### [Data excerpt]
<<<<
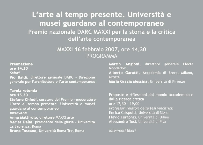 Premio Nazionale DARC-MAXXI per la storia e la critica dell’arte italiana contemporanea 2007
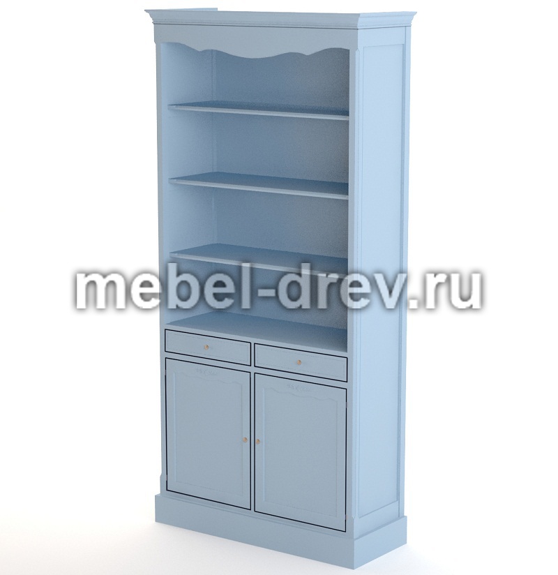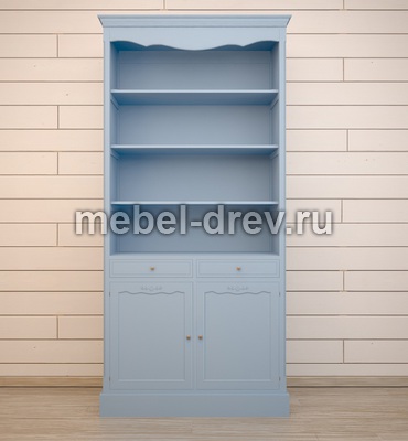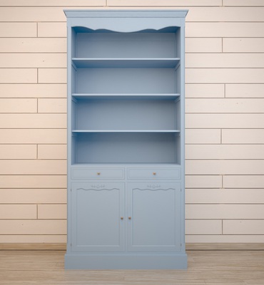 Элегантный стеллаж в стиле Прованс из коллекции Leontina/Леонтина. Стеллаж сделан из массива березы, с двумя выдвижными ящиками и двумя открывающимися дверцами, украшен резьбой по фасадам дверец. А шикарный голубой цвет мебели выглядит освежающим и создает праздничное настроение.
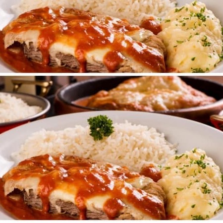 Um delicioso e suculento Parmegiana de carne, feito com filé de alcatra coberto com fatias de queijo e um maravilhoso molho de tomate caseiro. Acompanha arroz branco e purê de batata.
>>>>
Leave out the pictures, and retype exactly the lines from the one containing "Элегантный стеллаж в" through the final line of the data.

### [Result of this exercise]
 Элегантный стеллаж в стиле Прованс из коллекции Leontina/Леонтина. Стеллаж сделан из массива березы, с двумя выдвижными ящиками и двумя открывающимися дверцами, украшен резьбой по фасадам дверец. А шикарный голубой цвет мебели выглядит освежающим и создает праздничное настроение.
 Um delicioso e suculento Parmegiana de carne, feito com filé de alcatra coberto com fatias de queijo e um maravilhoso molho de tomate caseiro. Acompanha arroz branco e purê de batata.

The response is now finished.